## REQUIRED ACTION
Beneath this line are entries. Copy the range from the line with "Earrings totally handcrafted" to the line with "Dilihat detikSumut dari", ends included, exactly; leave pictures out.
*** Opening of DATASET RECORDS ***
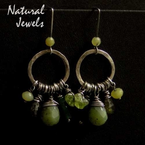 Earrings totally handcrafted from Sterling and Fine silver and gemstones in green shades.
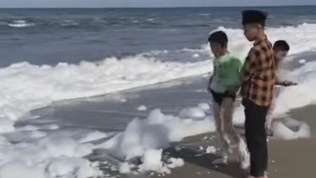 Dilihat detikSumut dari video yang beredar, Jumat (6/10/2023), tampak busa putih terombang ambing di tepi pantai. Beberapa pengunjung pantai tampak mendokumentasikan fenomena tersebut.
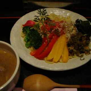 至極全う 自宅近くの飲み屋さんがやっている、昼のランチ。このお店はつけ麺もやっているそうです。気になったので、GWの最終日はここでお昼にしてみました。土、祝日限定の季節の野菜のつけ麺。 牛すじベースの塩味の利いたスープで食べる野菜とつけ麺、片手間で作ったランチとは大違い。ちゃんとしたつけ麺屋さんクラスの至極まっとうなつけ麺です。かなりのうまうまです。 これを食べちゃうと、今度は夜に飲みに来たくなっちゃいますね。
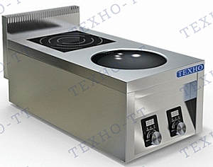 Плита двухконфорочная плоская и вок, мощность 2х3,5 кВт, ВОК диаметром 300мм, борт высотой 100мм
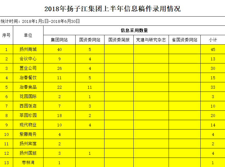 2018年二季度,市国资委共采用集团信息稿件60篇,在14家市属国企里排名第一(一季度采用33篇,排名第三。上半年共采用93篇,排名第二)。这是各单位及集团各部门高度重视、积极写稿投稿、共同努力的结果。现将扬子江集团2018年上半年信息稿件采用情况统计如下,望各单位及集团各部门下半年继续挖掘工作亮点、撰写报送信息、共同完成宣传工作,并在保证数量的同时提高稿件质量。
*** Close of DATASET RECORDS ***
*** Opening of DATASET RECORDS ***
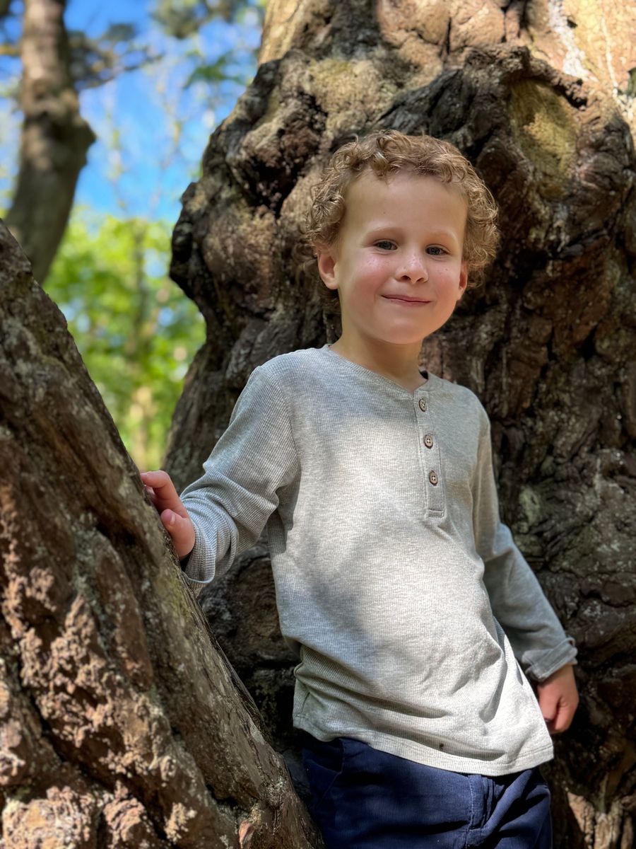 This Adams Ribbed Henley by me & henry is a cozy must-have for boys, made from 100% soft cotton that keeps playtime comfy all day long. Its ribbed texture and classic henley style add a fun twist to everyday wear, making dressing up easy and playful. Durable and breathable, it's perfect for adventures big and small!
*** Close of DATASET RECORDS ***
## EXPECTED OUTPUT
 Earrings totally handcrafted from Sterling and Fine silver and gemstones in green shades.
 Dilihat detikSumut dari video yang beredar, Jumat (6/10/2023), tampak busa putih terombang ambing di tepi pantai. Beberapa pengunjung pantai tampak mendokumentasikan fenomena tersebut.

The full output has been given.